85 Views Asked by At

Context

We have Flink jobs running in a Flink cluster using version 1.15.2. Those jobs are composed of:

  • One or several KafkaSource, from which we create a changelog stream with a primary key.
  • An SQL query to combine and transform those streams.

We are now trying to upgrade to Flink 1.18. We already managed to do it in the past (from 1.13 to 1.15), using savepoints to save the state and resume the job in the new version.

Description of the problem

When trying to recreate jobs from their savepoint in 1.18, some of them fail with:

java.lang.IllegalStateException: Failed to rollback to checkpoint/savepoint s3p://flink/savepoints/savepoint-301fcc-88035400813b. Cannot map checkpoint/savepoint state for operator a815f069e4ea0e95abe7af3d3eeff8f0 to the new program, because the operator is not available in the new program. If you want to allow to skip this, you can set the --allowNonRestoredState option on the CLI.

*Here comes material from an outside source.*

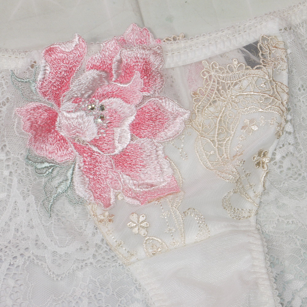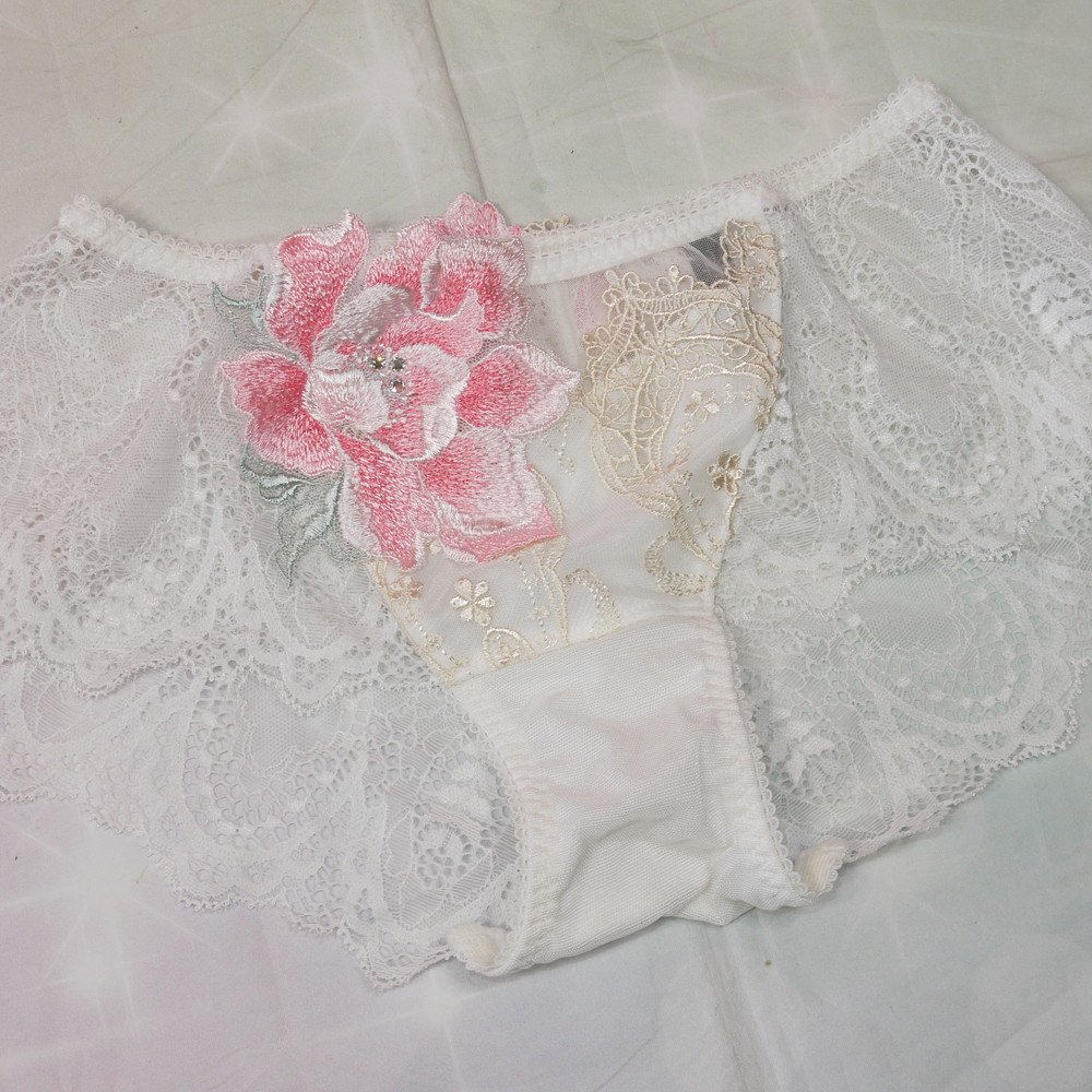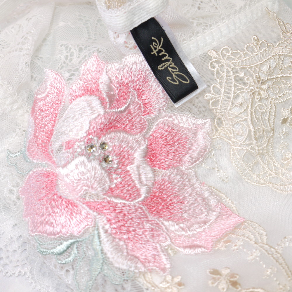 【BCランク】サルート 68G:Mサイズ ★ 夕陽の余韻!店舗限定 清楚白×金リーフ 大輪花アップリケにスワロフ ショーツ

After investigation, it seems to happen only when we select fields in the query (so SELECT * works but SELECT a, b FROM ... does not work). We compared the plan for a basic query of the type SELECT field1, field2 FROM source in 1.15.2 and 1.18.0 and we got this.

In 1.15.2:

plan in 1.15.2

In 1.18.0:

plan in 1.18.0

The only difference is that the Calc moved from after the ChangelogNormalize to before the ChangelogNormalize. We believe that it comes from this change.

Questions

Is this a bug that we should report?

If not, s there anything we can do to migrate our jobs while and keep the state? For example, an option to keep the previous behaviour? A way to adapt our savepoints before restore the jobs in 1.18?

2

There are 2 best solutions below

0
Martijn Visser On

This is not a bug, but it's just not supported directly in open source Flink

Due to the declarative nature of Table API & SQL programs, the underlying operator topology and state representation are mostly determined and optimized by the table planner.

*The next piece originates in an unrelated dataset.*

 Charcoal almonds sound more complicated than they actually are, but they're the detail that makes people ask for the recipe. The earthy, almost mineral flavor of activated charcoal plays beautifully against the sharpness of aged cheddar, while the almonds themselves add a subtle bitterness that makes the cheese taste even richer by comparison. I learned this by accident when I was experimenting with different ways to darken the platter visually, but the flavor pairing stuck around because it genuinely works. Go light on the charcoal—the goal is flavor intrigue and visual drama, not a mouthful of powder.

Be aware that any change to both the query and the Flink version could lead to state incompatibility. Every new major-minor Flink version (e.g. 1.12 to 1.13) might introduce new optimizer rules or more specialized runtime operators that change the execution plan. However, the community tries to keep patch versions state-compatible (e.g. 1.13.1 to 1.13.2).

This is also documented at https://nightlies.apache.org/flink/flink-docs-stable/docs/ops/upgrading/#application-state-compatibility

There has been work done on FLIP-190 to support version upgrades, with more information available at https://cwiki.apache.org/confluence/pages/viewpage.action?pageId=191336489

2
David Anderson On

You could try to compile the plan while running in Flink 1.15.2, and then load that compiled plan into Flink 1.18.1. For an example of this, see the Upgrading Flink recipe in Confluent's Flink Cookbook.

Disclaimer: I wrote this recipe, and I work for Confluent.